The prediction of lymph node metastasis in thyroid cancer has advanced from using solely clinicopathological models to incorporating serological, molecular, and imaging markers, and from traditional algorithms like logistic regression to sophisticated ML models (11, 21, 24, 25, 30). Unfortunately, these methods still have limitations. Pathological features could not be obtained noninvasively before surgery, and traditional radiomics’ high-throughput features are influenced by imaging parameters, limiting their clinical application. Although the RF model constructed in this study demonstrated excellent predictive performance (AUC=0.893), its clinical decision-making value requires careful evaluation considering both false-positive and false-negative results. The model demonstrated a specificity of 97.2% during validation, indicating its potential efficacy in accurately identifying patients who are unlikely to benefit from prophylactic CLND. This could lead to a reduction in unnecessary surgeries by approximately 95%, while only failing to detect 2.8% of true cases of CLNM. This finding is particularly significant in addressing a critical clinical need, as emphasized by the ATA guidelines, which advocate for the avoidance of overtreatment in patients with low-risk papillary thyroid microcarcinoma (PTMC) (7). Although the false negative rate of 8.3% necessitates careful consideration, this performance is superior to that of conventional ultrasound, which typically exhibits false negative rates of 20-30% in the assessment of central lymph nodes (31).
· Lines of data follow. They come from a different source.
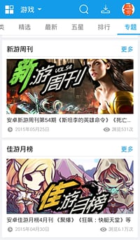 3、优化专题,;全新打造的专题页面采用瀑布流布局,增加视频评测和玩家实况内容。专题支持收藏和分享,每周更新热门游戏合集、主题特辑等内容,为玩家提供更丰富的游戏资讯。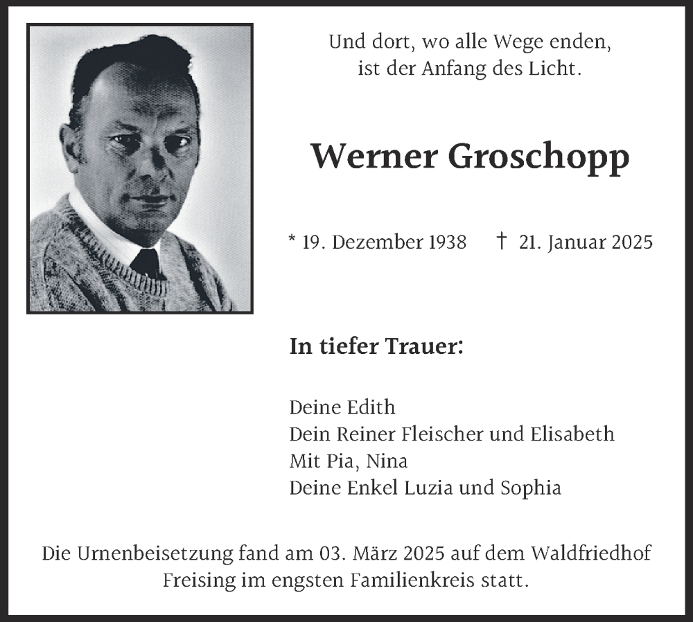 Hier finden Sie alle Traueranzeigen aus der Zeitung, die bisher für Werner Groschopp erschienen sind. Weitere Traueranzeigen, die in der Zeitung erscheinen, werden hier ebenfalls aufgelistet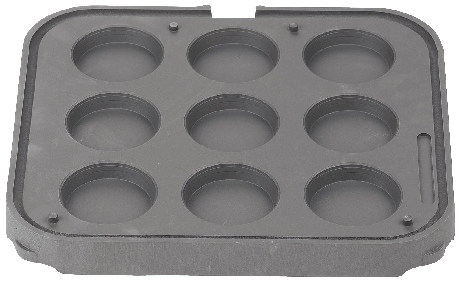 • Maße der einzelnen Mulden: oben Ø 90 mm, unten Ø 75 mm, Höhe 20 mm
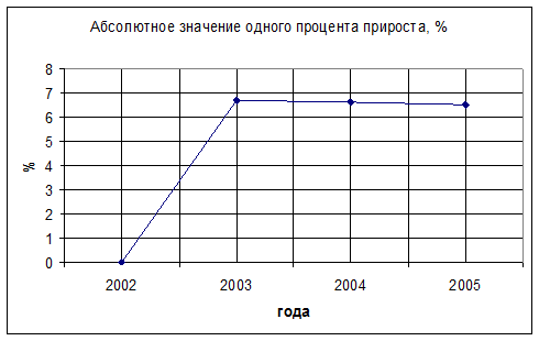 Рис. 3.4 Абсолютное значение одного процента прироста, %
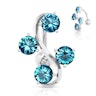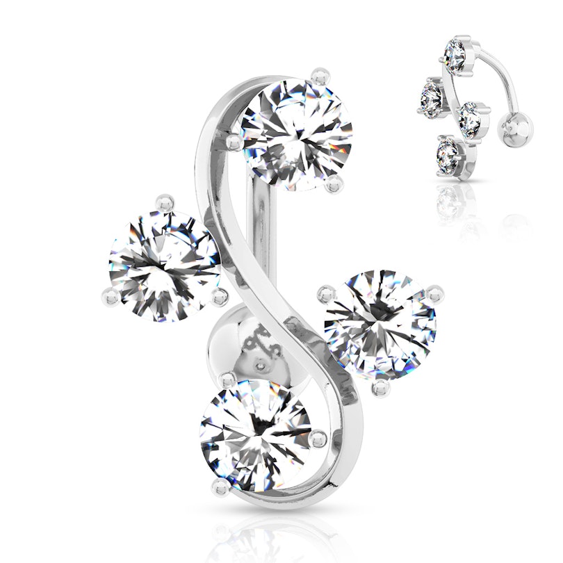 Frisk och finurlig navelpiercing med fyra runda stenar som sitter förskjutna runt omkring på ett stor "S" for. Det ser riktigt snyggt ut eftersom det ger luft mellan stenarna där huden kan se. Materialet är av kirurgiskt stål som är ett av de mest använda piercingsmyckematerialen då det inte frisätter nickel och dessutom är ett otroligt hårt material.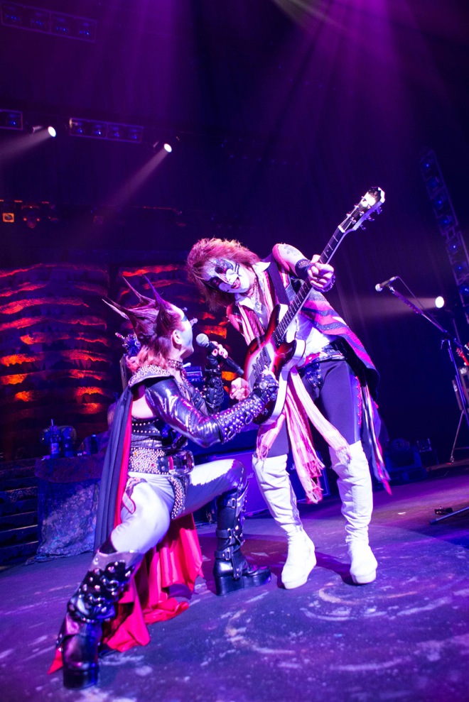 風の音が聞こえ、ギターの低く怪しい音が響く。デーモン閣下が英語で「Deep inside the forest〜」と語り始めた。その言葉に続きゼノン和尚が「悪魔の森の奥深く〜」と日本語訳をつけてくれる。暗く怪しげな場内、閣下と和尚の絶妙なやりとりで客席が笑いに溢れる。「蝋人形の館」への導きの儀式である。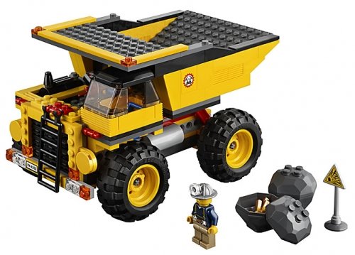 Voor grote klussen heb je groot materiaal nodig. Deze machtige mijnbouwtruck kan de zwaarste klussen aan. Laad hem vol met rotsblokken, rijd er de mijn mee uit, plaats de dynamiet en blaas het goud uit de grond! Inclusief mijnwerker minifiguur.

The 6 missed CLNM (+) cases in validation all had tumor diameters <5mm and no ETE - characteristics where conservative management may still be appropriate. The comparable error distributions between training and validation sets (Δspecificity <3%, Δsensitivity <5%) confirm the model’s reliability across populations, a notable improvement over previous ML approaches that showed greater performance degradation (30). In the future, it is recommended to adjust decision thresholds according to the surgeon’s risk tolerance and to conduct subgroup analyses for borderline cases, such as tumors measuring 5–7 mm.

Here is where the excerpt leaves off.